Çünkü ortada direnmiş ve değim yerde ise bileğinin hakkıyla ayakta kalmış bir hareket var. Batı Kürdistan’da devrimin öncü gücü, Kuzey’de milyonları harekete geçiren, Güney Kürdistan’ın geleceği ve güvenliği için önemli bir aktör olmuş ve Doğu Kürdistan’da özgürlük dalgasının ilham kaynağı haline gelmiş bir hareketten bahsediyoruz.
Bunun ABD’nin görmemiş ve okumamış olması artık mümkün değil. ABD’nin çözüm sürecine ‘destek vermesi’, ‘ortak düşman’ tekerlemesinden vazgeçmesinin esas nedenine burada yatmaktadır.
Son Erdoğan-Obama görüşmesinde elbette ki PKK önemli bir konu başlığı olarak görüşmelerde yer aldı. Ama ilk kez iki ülke lideri yaptıkları açıklamalarda o bildik ve tanıdık cümleleri kullanmadılar. ABD başkanı Barack Obama konuşmasında “PKK terör”ü yerine “PKK şiddeti”nden bahsetti. Bu ABD’nin “ortak düşman” konseptini tek ettiğinin de önemli bir işareti olarak okunmalıdır.
Elbette ki ABD başkanının bu dil değişikliği önemlidir. Bunun ne kadar simi bir davranış olduğunu ancak sahada test etmek mümkündür.

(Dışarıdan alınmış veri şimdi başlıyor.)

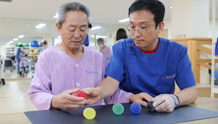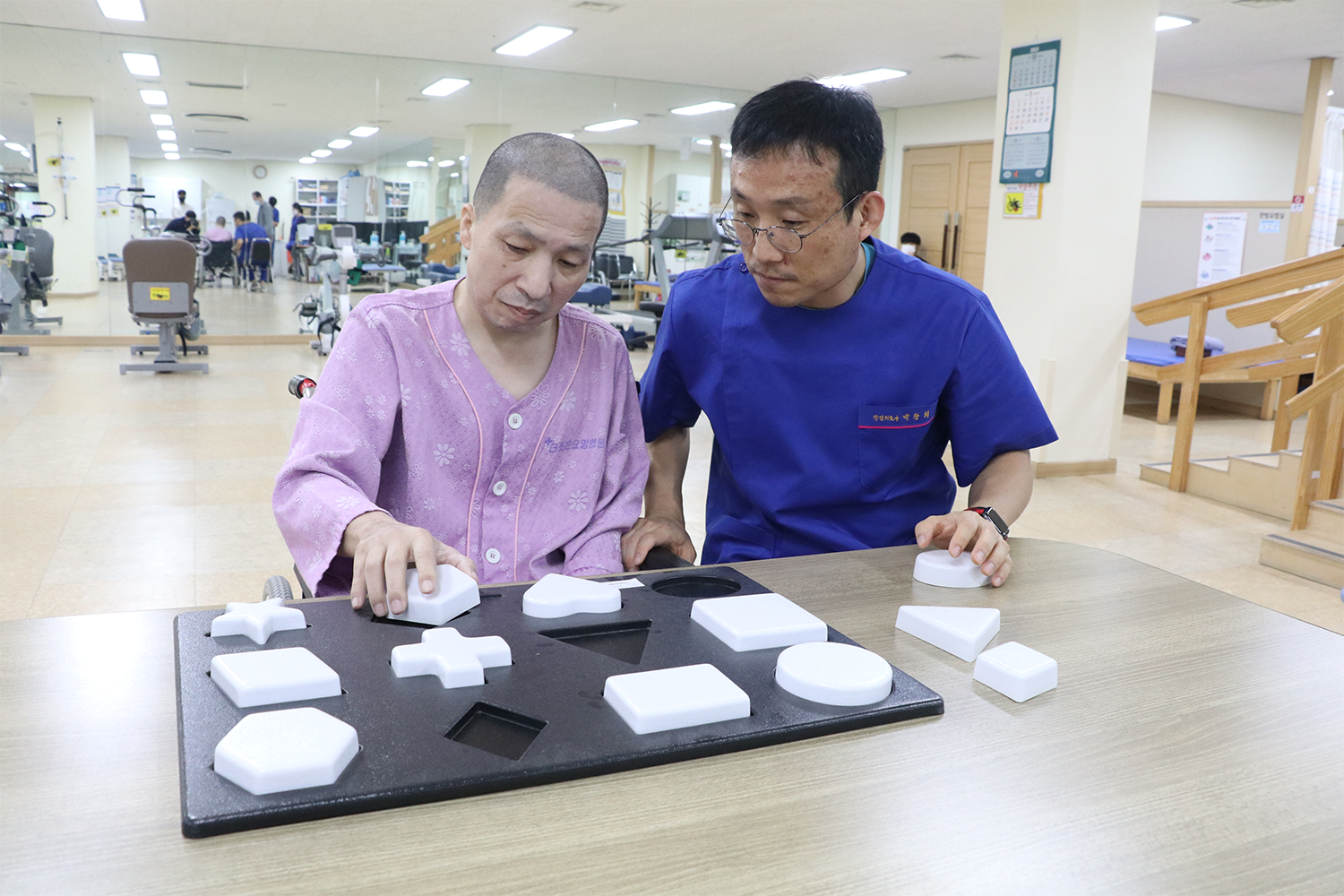 질병이나 사고로 인해서 신체적, 정신적으로 손상을 받은 환자에게 다양한 신체적 기능과 일상에서 필요한 기술들을 훈련해 삶을 질적으로 향상시키기 위한 치료로써 근육의 힘과 조절 능력을 길러주고, 관절의 변형과 구축을 예방 및 증진시켜주며 눈과 손의 조화로운 운동이 가능하도록 손의 민첩성과 지구력을 길러주는 치료입니다.
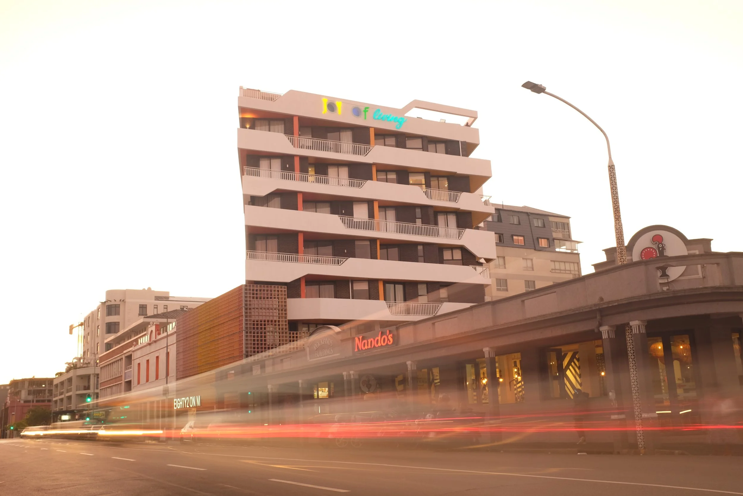 The mixed-use eight-story building is situated in Sea Point, a rapidly evolving neighborhood in Cape Town. The client's directive was to design a densely populated apartment complex to meet the demands of the burgeoning Airbnb market. The design encompasses 100 apartments ranging from compact units to expansive penthouses, with office and commercial spaces on the lower levels. Additionally, the building features amenities such as a street arcade, a gym, and a deck with a pool area.
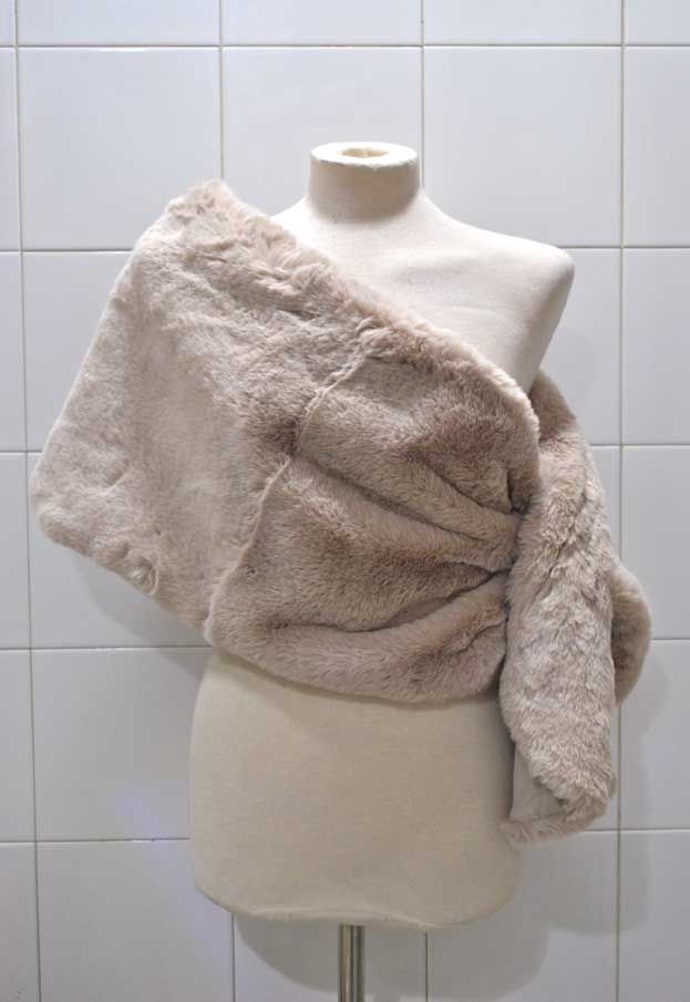 R02/4924 -Capa o estola de fiesta, ideal para bodas y eventos especiales, fabricada en pelo sintético de un precioso y llamativo color BEIGE. La estola consta del interior forrado, muy favorecedora y cómoda de llevar.
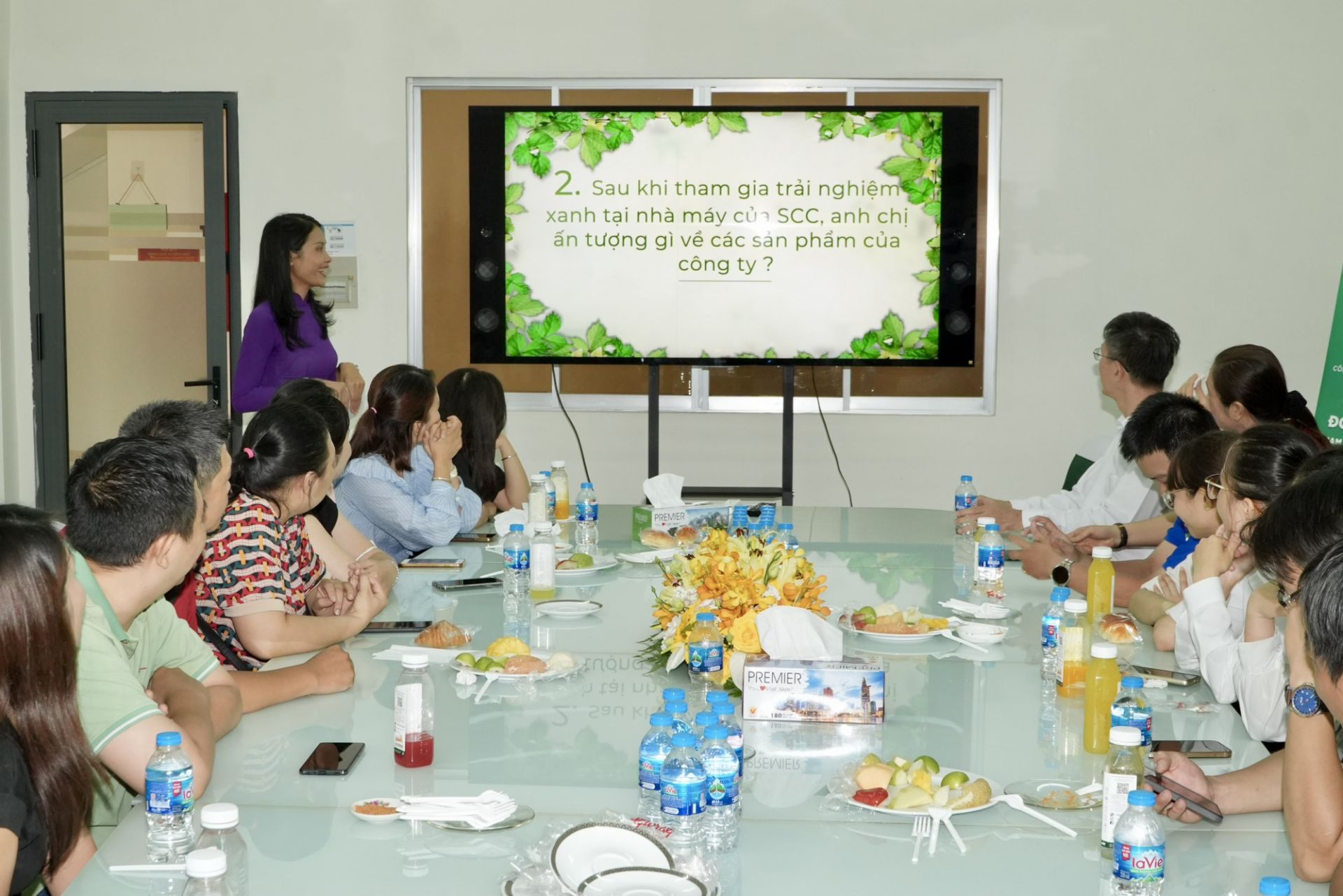 Trong khuôn khổ các dự án của chiến dịch Tiêu dùng xanh lần thứ 4, hoạt động “Trải nghiệm xanh đồng hành cùng doanh nghiệp” đã được triển khai tại SCC (Trong ảnh: Đoàn đại biểu và khách hàng thăm quan trực tiếp quy trình sản xuất xanh của SCC - Ảnh: Thùy Dương)

Bu da şu demektir: ABD Türkiye’yi önümüzdeki dönemde PKK ile yürüttüğü müzakerelerde sorunun çözümü için teşvik etmesi gerekiyor. Örneğin ilk adım olarak PKK’yi hem kendisi, hem de onun talep ve isteğiyle Avrupa Birliği ‘terör örgütleri’ listesinden çıkarmalıdır. ABD PKK ile yeni bir dönem başlatmalıdır. Onu dıştalamaktan, görmezlikten gelmekten vazgeçmelidir.
Çünkü ünlü yazar Ralph Giordano’nun dediği gibi “Siz Ağrı Dağı’nı inkar ettiğiniz zaman, o ortadan kaybolmuyor. Tüm ihtişamıyla orda duruyor.”